[Start of Attachment]
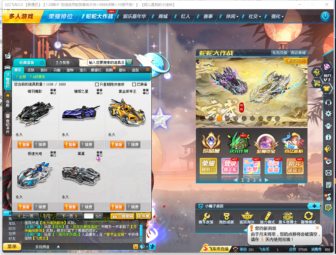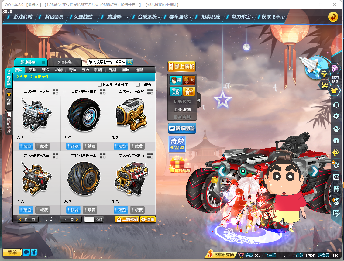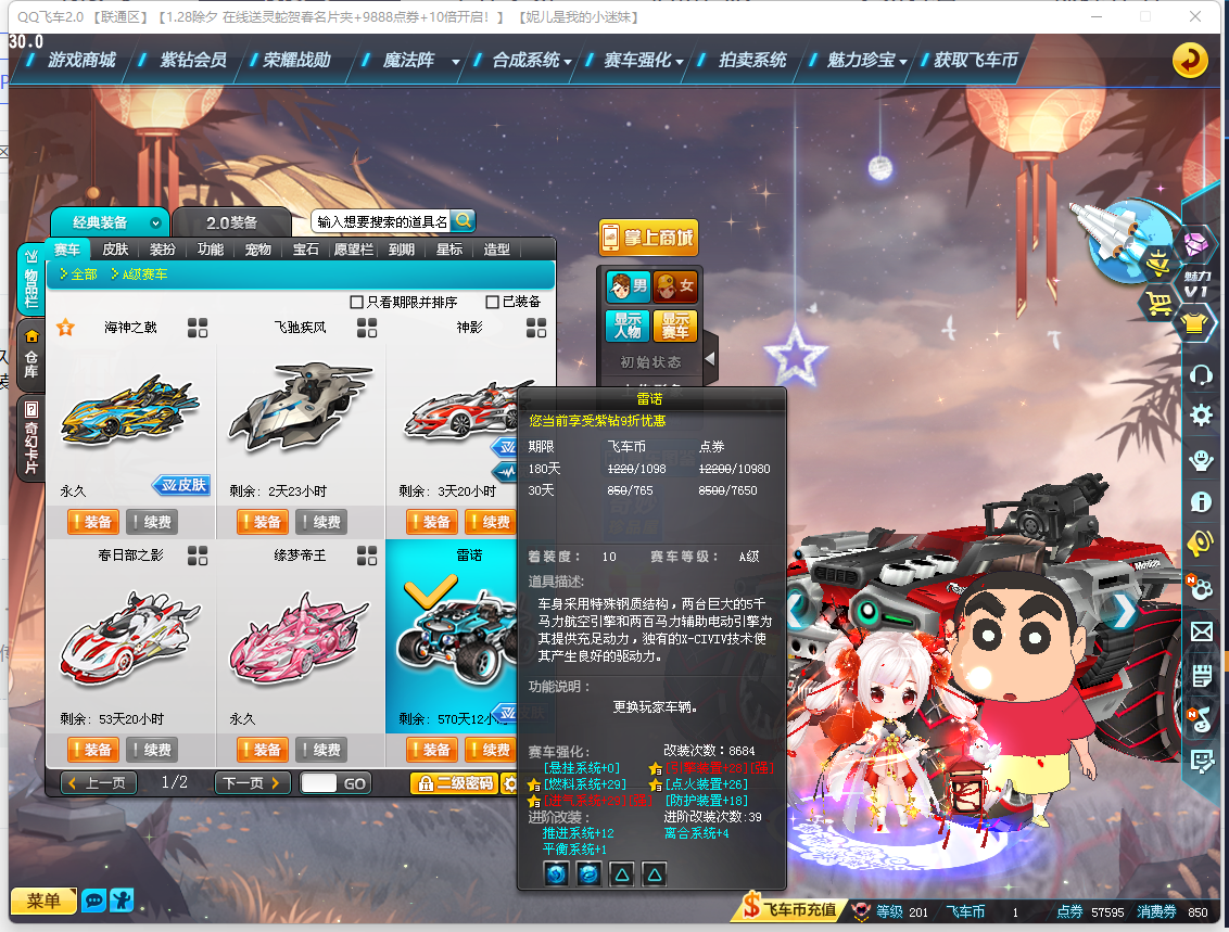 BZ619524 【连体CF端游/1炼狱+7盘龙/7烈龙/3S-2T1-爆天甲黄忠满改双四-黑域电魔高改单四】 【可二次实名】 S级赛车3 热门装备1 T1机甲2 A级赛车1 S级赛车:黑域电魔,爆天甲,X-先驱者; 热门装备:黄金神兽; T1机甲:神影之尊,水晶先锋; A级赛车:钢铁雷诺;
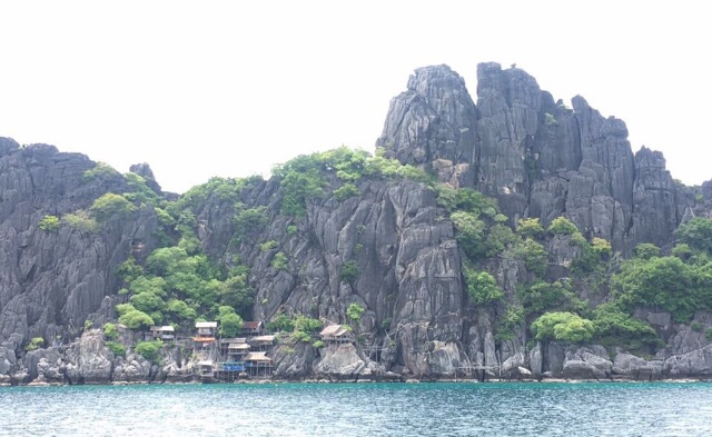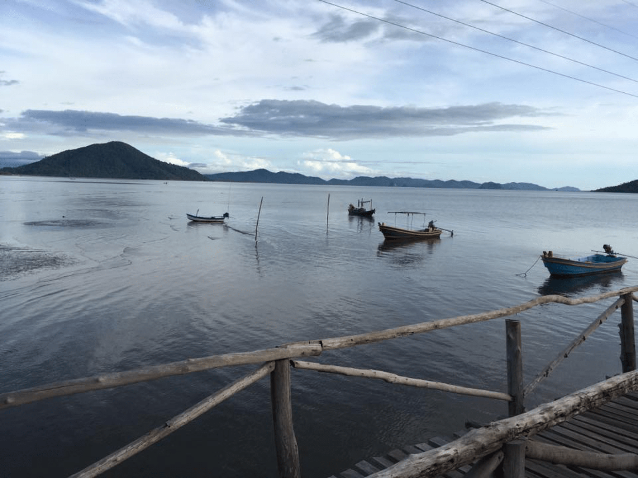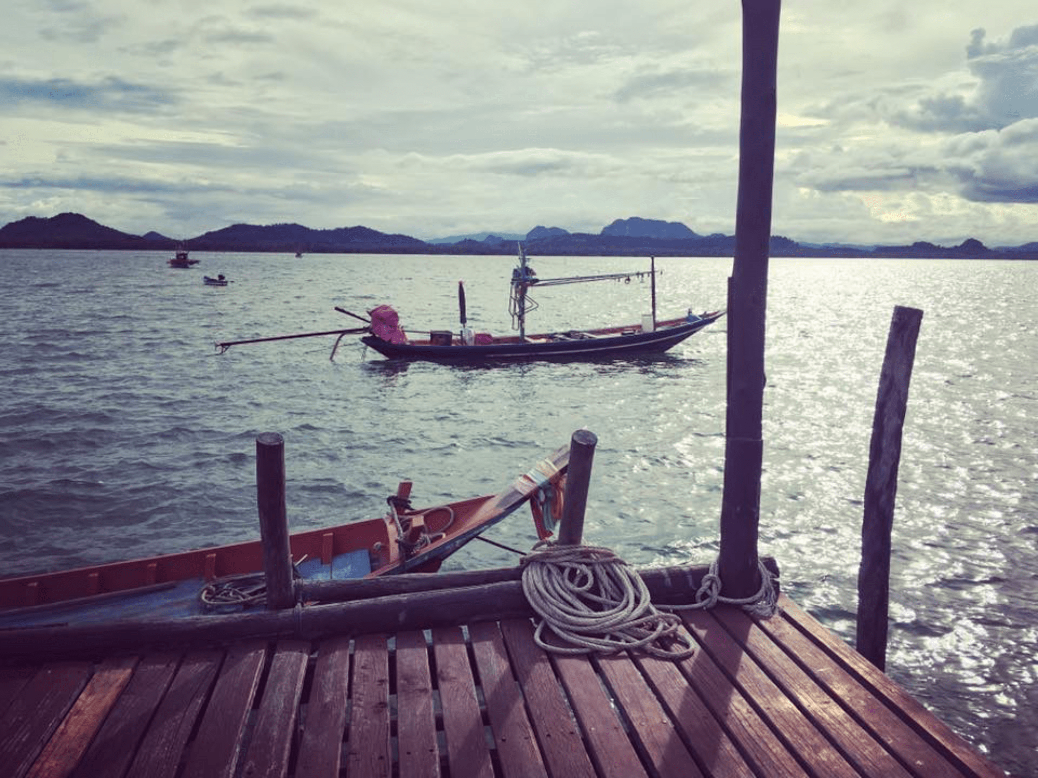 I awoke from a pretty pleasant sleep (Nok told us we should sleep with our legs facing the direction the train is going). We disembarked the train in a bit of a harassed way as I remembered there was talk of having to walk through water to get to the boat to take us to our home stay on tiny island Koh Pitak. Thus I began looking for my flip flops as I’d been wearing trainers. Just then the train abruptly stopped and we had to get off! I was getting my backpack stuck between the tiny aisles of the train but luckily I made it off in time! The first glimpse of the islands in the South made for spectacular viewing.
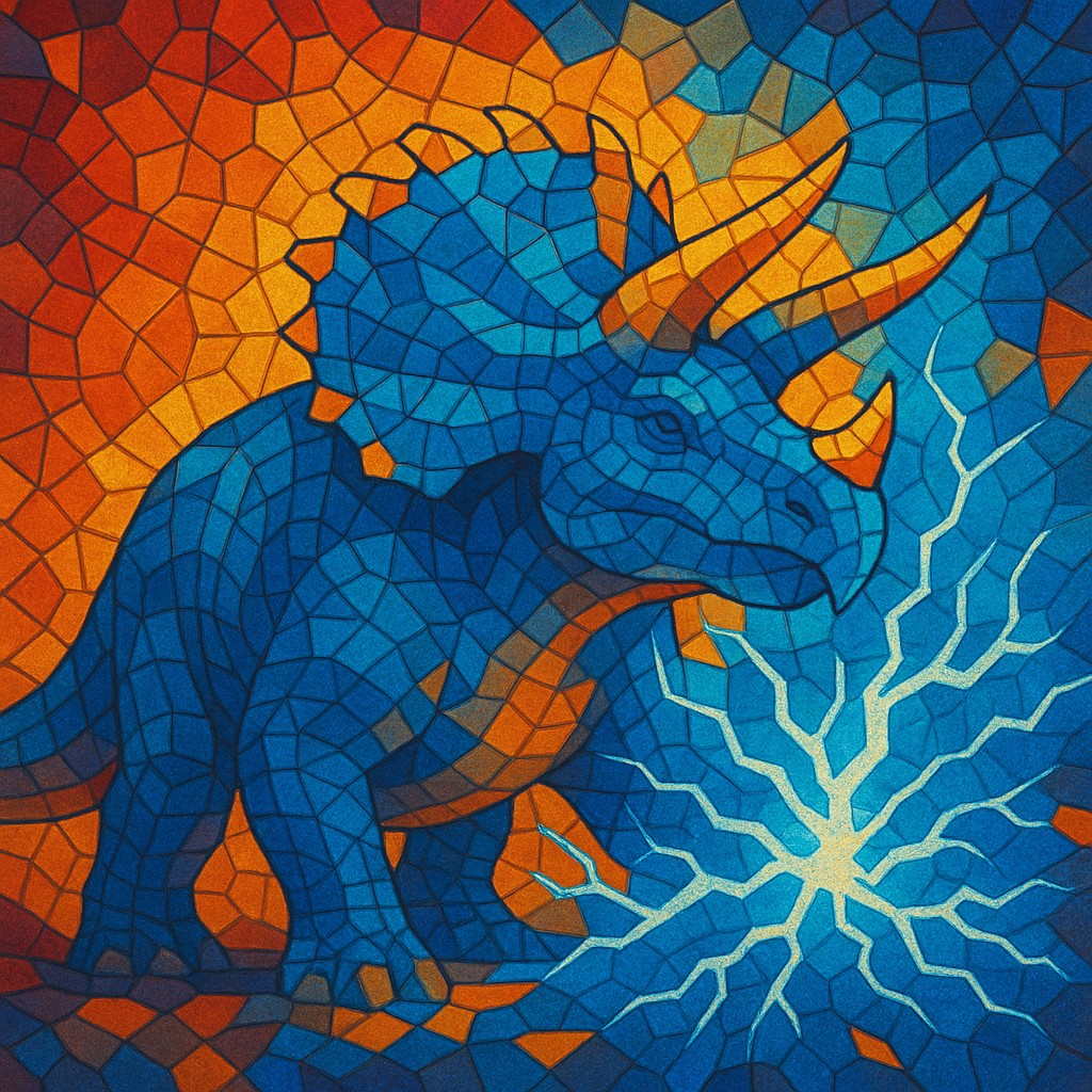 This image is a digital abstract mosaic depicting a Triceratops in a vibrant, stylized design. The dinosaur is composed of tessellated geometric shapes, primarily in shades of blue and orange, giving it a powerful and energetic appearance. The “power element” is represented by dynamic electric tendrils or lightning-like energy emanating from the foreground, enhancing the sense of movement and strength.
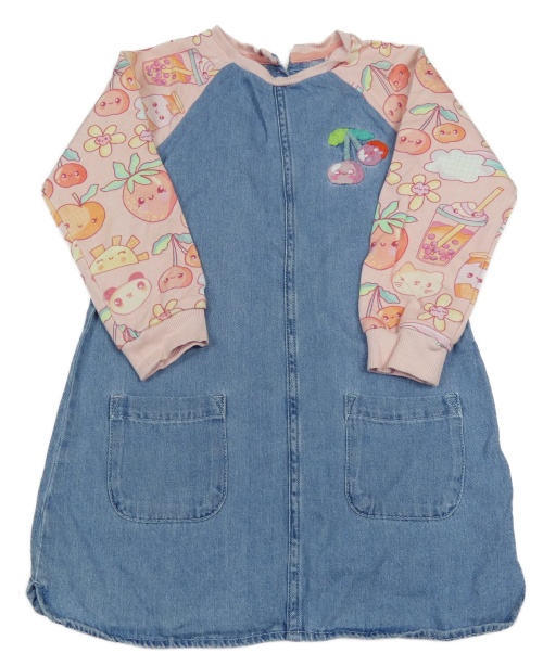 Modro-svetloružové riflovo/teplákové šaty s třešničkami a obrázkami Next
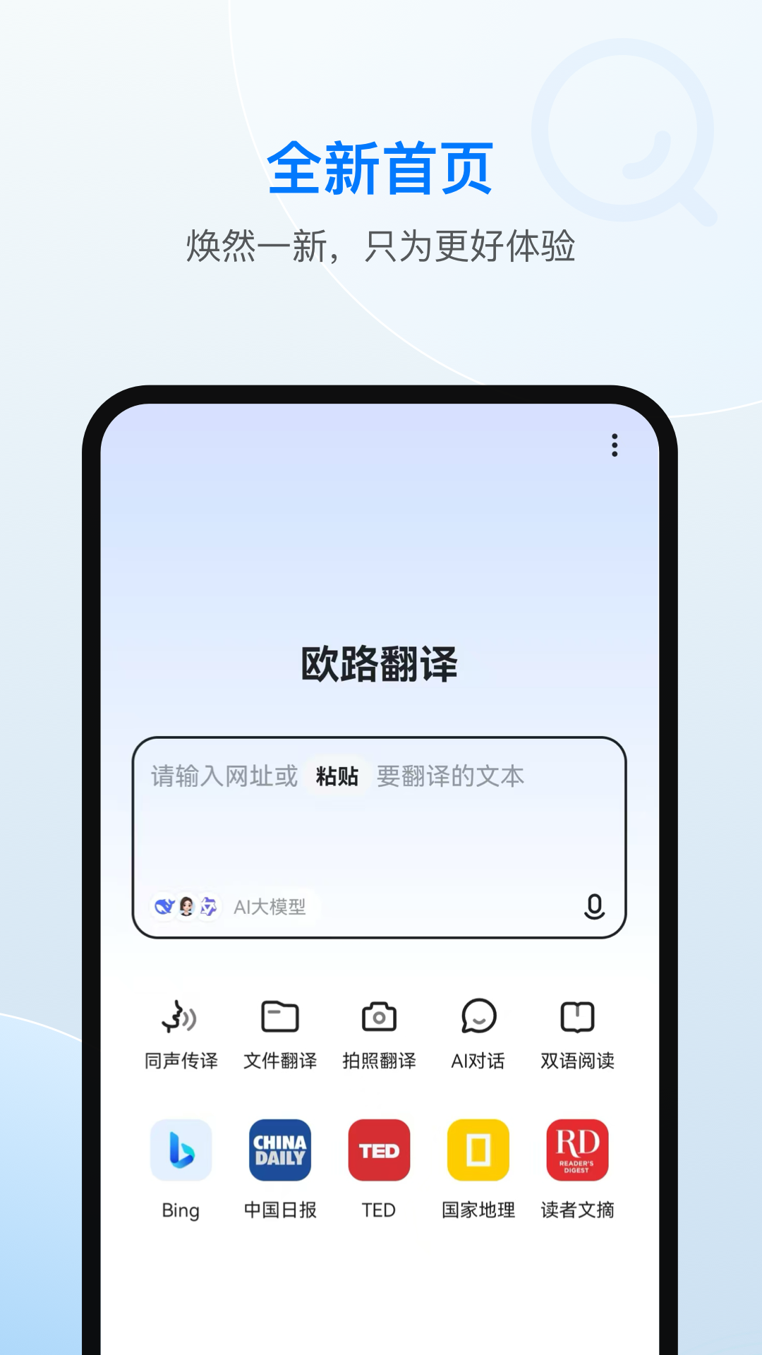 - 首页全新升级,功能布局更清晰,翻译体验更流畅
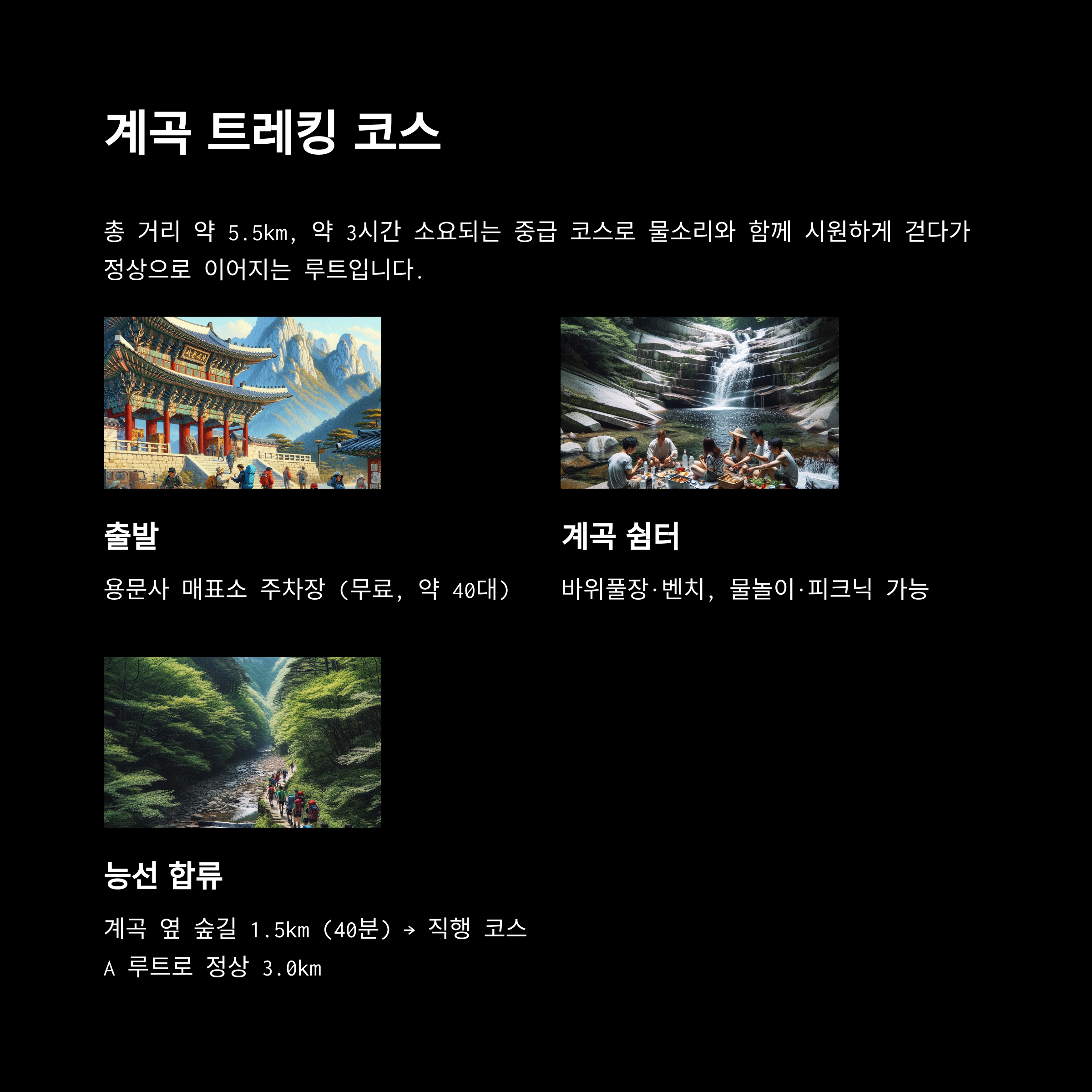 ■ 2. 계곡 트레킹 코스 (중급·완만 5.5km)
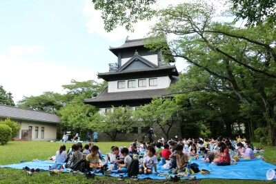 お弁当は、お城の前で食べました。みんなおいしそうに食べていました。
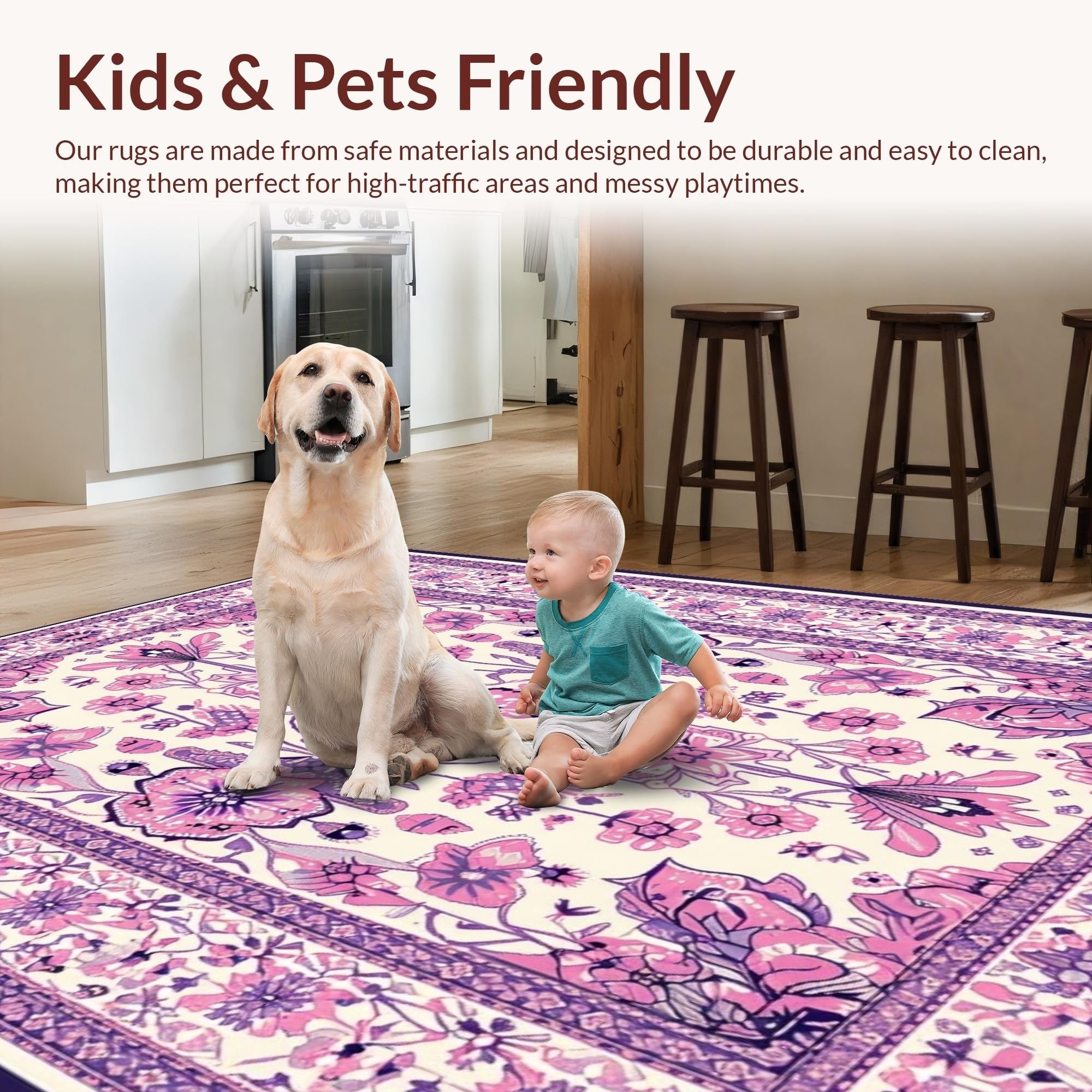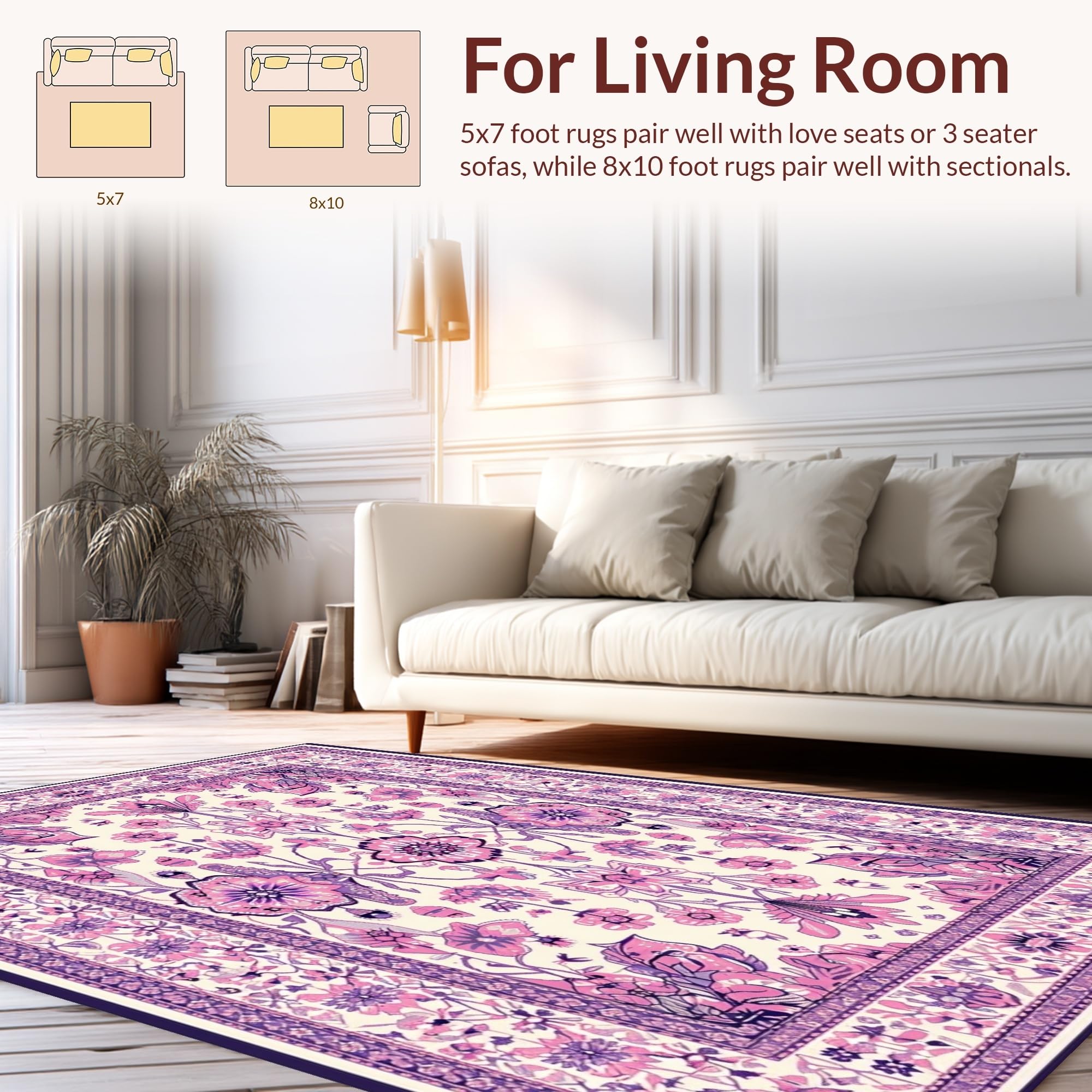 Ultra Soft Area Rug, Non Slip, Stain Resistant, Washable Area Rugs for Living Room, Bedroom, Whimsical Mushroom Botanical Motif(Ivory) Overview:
[End of Attachment]
Task requirements
Exact copies of all the entries, without any pictures, are what the answer must contain.

Reply
 BZ619524 【连体CF端游/1炼狱+7盘龙/7烈龙/3S-2T1-爆天甲黄忠满改双四-黑域电魔高改单四】 【可二次实名】 S级赛车3 热门装备1 T1机甲2 A级赛车1 S级赛车:黑域电魔,爆天甲,X-先驱者; 热门装备:黄金神兽; T1机甲:神影之尊,水晶先锋; A级赛车:钢铁雷诺;
 I awoke from a pretty pleasant sleep (Nok told us we should sleep with our legs facing the direction the train is going). We disembarked the train in a bit of a harassed way as I remembered there was talk of having to walk through water to get to the boat to take us to our home stay on tiny island Koh Pitak. Thus I began looking for my flip flops as I’d been wearing trainers. Just then the train abruptly stopped and we had to get off! I was getting my backpack stuck between the tiny aisles of the train but luckily I made it off in time! The first glimpse of the islands in the South made for spectacular viewing.
 This image is a digital abstract mosaic depicting a Triceratops in a vibrant, stylized design. The dinosaur is composed of tessellated geometric shapes, primarily in shades of blue and orange, giving it a powerful and energetic appearance. The “power element” is represented by dynamic electric tendrils or lightning-like energy emanating from the foreground, enhancing the sense of movement and strength.
 Modro-svetloružové riflovo/teplákové šaty s třešničkami a obrázkami Next
 - 首页全新升级,功能布局更清晰,翻译体验更流畅
 ■ 2. 계곡 트레킹 코스 (중급·완만 5.5km)
 お弁当は、お城の前で食べました。みんなおいしそうに食べていました。
 Ultra Soft Area Rug, Non Slip, Stain Resistant, Washable Area Rugs for Living Room, Bedroom, Whimsical Mushroom Botanical Motif(Ivory) Overview:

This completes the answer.